La Terraza de Sada o el viaje de un gran kiosco errante con más de cien años de historia
Como el Holandés Errante, el edificio de La Terraza viajó de un lugar a otro pero sigue inmortal. Se alzó en 1912 en los jardines de Méndez Núñez en A Coruña, gracias al proyecto de Antonio López Hernández como una alternativa a los antiguos kioscos del puerto. Y tras diversas ampliaciones, se desmontó para construir en su sitio el actual Kiosco Alfonso.
Empezó con 20 metros de fachada y llegó hasta los 30, con escaleras exteriores y el techado de la terraza que le da su nombre. Hasta que en 1920 se trasladó hasta su actual emplazamiento en el paseo marítimo de Sada. Como indica el arquitecto Eduardo Alonso Lois, «Ferrol y A Coruña son ciudades muy marcadas por el modernismo, en el caso de Ferrol suele pasar que se da cuenta tarde de todo lo bueno que tiene porque el legado es impresionante». Pone como ejemplo la jornada de puertas abiertas que se celebró en su día para conocer las casas de Rodolfo Ucha: «Entramos gratis en un piso de la Casa Romero, algo inédito en el resto del país».

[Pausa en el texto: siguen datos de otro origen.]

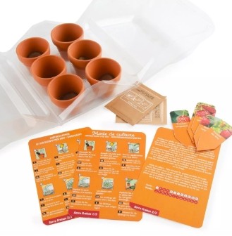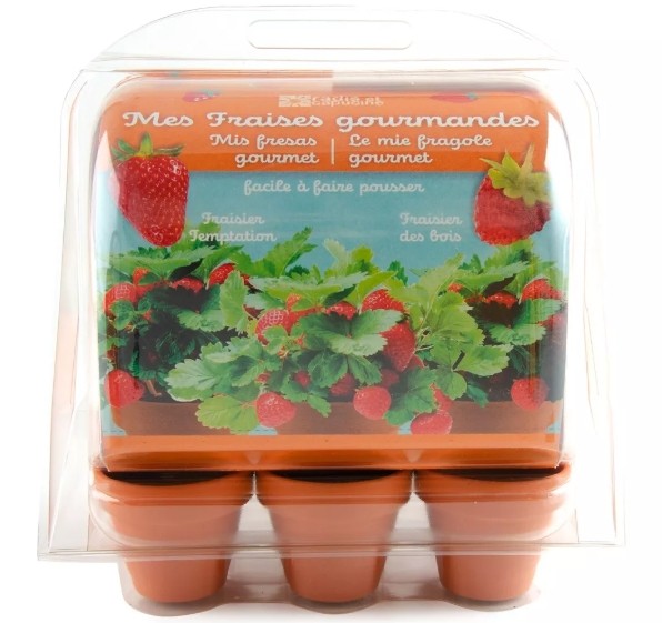 La mini-serre fraisiers va faire l’unanimité chez tous les gourmands. 6 petits pots de terre pour faire pousser 6 plants de fraisiers, voilà un bon départ pour une belle production de fruits juteux et sucrés. Une mini-serre en plastique PET recyclé 6 pots de terre cuite de 5 cm de diamètre 6 pastilles de terre de coco de 3 cm de diamètre 1 sachet de semences de fraisiers des bois et 1 sachet de semences de fraisiers temptation A faire à tout moment de l’année, d’abord en intérieur, avant de sortir les plants dehors, à partir du mois de mai.
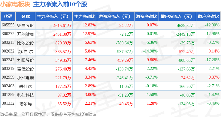 从资金流向上来看,当日小家电板块主力资金净流入6227.07万元,游资资金净流入477.43万元,散户资金净流出6704.5万元。小家电板块个股资金流向见下表:
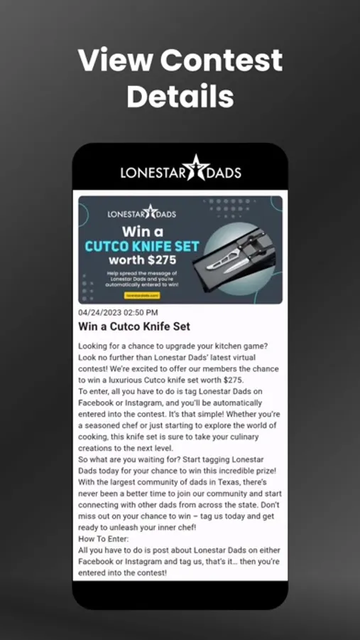 Even though the App is still in some development stages. It’s a great start to a very safe place for Husbands and Fathers. I’m in the Dallas Chapter and it does a lot of events and meet ups. I highly recommend if you’re a man your download and have fun connecting, going to events and enjoy the free contests

En A Coruña, el modernismo brilla con las ideas de los arquitectos Antonio López Hernández, Julio Galán, Rafael González Villar o Ricardo Boán.
Elga Fernández Lamas: «Estas cidades non se entenden sen este estilo tan exuberante»
En las creaciones de Elga Fernández Lamas, A Coruña y Ferrol se transforman en ciudades de ensueño con el modernismo como horizonte permanente. Así puede comprobarse en sus libros de ilustraciones Baixo as mesmas nubes y A Coruña: a cidade asomada (ambas de Embora), que pasean por sus edificios más emblemáticos y por todos sus estilos. «Eu vivo en Valencia nunha casa de 1890 e estou rodeada de modernismo, paréceme un estilo chulísimo que me encanta aínda sen ser o meu preferido».
Recalca esta ilustradora que «é complicado trasladar esa arquitectura aos debuxos pola súa exuberancia, pero precisamente estas cidades non se entenden sen este estilo tan exuberante». En estas dos obras, la ferrolana decidió «meterlle o contrapunto ao modernismo cos debuxos dos edificios do brutalismo, por exemplo facíame graza misturar as Escolas de Arquitectura de A Coruña con emblemas modernistas desa cidade».
Según Elga Fernández Lamas, «non podía facer un libro de Ferrol e A Coruña sen o modernismo, non había opción sen ese estilo tan icónico». Emergen así casas, cines y facultades como navíos, «como representacións fantásticas destas cidades».